Los Angeles - Two rocket launchers were turned in at a recent LAPD gun buyback. The rocket launchers were among 1,962 guns given up to police in exchange for $100 and $200 grocery store gift cards at the no-questions-asked buyback program.
According to Gawker, the buyback was held by the LAPD in Los Angeles on Wednesday.
LA Weekly reports the police department says they will destroy the 901 handguns, 698 rifles and 363 shotguns recovered in the program.
The program was aimed at getting weapons off the streets after the tragic Newtown shooting on December 14, the Daily Mail reports.
According to the LA Weekly, the initiative was successful with two-hour waits and gift-card shortages reported.
The Daily Mail reports long lines of cars and people were seen in the first hours of the exchange on Wednesday morning. Officers recovered various types of rifles and handguns outside the Los Angeles Memorial Sports Arena and the Van Nuys Masonic Temple.
Police Cmdr Andrew Smith, said: "No ID checks, we're not taking down license plates, people drive up, they have a gun in their trunk, we have one of our gun experts take that gun out, make sure it's safe, they walk over, get a gift card, and away they go."

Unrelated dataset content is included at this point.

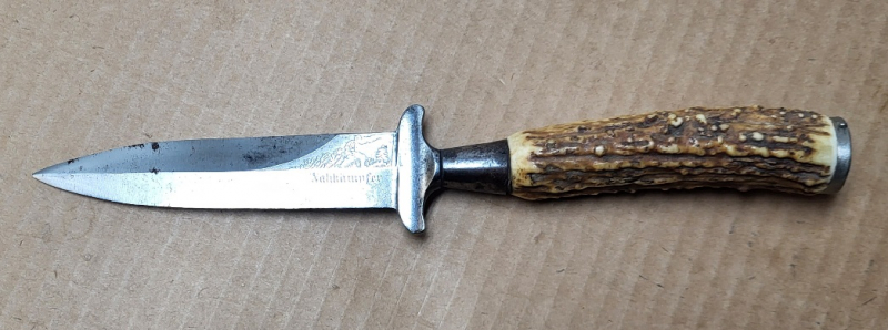 Grabendolch/Jagdmesser mit Klingenätzung: Bild und Schriftzug "Nahkämpfer". Klingenlänge: 120mm, Gesamtlänge: 260mm, Klinge wurde überarbeitet, Griffkappe aus Eisenblech, keine Scheide vorhanden. Beschreibung erfolgt nach bestem Wissen und Gewissen. Bilder sind Teil der Beschreibung. Keine Gewährleistung nach EU-Recht.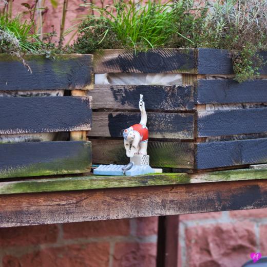 Unsere Katze wacht am Kräutergarten.

According to LA Weekly, a source said:
"Cops picked up two -- count 'em two -- rocket launchers (!) (and not one, as other outlets are reporting), an LAPD official with close knowledge of the program told us. Holy hell why do people on our streets have military grade rocket launchers?"
Business Insider reports LAPD Chief Charlie Beck, commented: "Those are weapons of war, weapons of death. These are not hunting guns. These are not target guns. These are made to put high-velocity, extremely deadly, long-range rounds downrange as quickly as possible, and they have no place in our great city."
A police official, however, explained that it was not unusual. "We've had them in the past," LA Weekly reports he said.
The police described the weapons as "light anti-tank weapons" that propel grenades, but said they were antiquated. According to the police, they were probably held by collectors or passed down to family members by war veterans. Police authorities also said the weapons were not working because they did not have "projectiles."
In response to the question whether the weapons have attracted the interest of the FBI and Homeland Security, a police spokesman said they have not received inquiries. He emphasized, however, that the LAPD was committed to honoring its promise to keep the donors anonymous.
The Daily Mail reports the program was originally scheduled for May, but the LAPD decided to hold it in December following the December 14th shooting at Sandy Hook Elementary.
The police said they recovered 1,700 guns at the last buyback program.
A resident, Commorah Fisher, explained that she participated in the program to prevent her weapons falling into criminal hands. She said: "To turn in some ammunition, and guns that may be stolen from our house and you know someone may do something really bad with them. That's why I'm turning them in."
According to the Daily Mail, a 2004 report by the National Academy of Sciences said that gun buybacks were ineffective for fighting against gun violence: "The theory underlying gun buyback programs is badly flawed and the empirical evidence demonstrates the ineffectiveness of these programs."
According to the report, the majority of guns turned in were unlikely to be used by their owners for criminal activities, and include obsolete guns and old guns that their owners do not want to keep.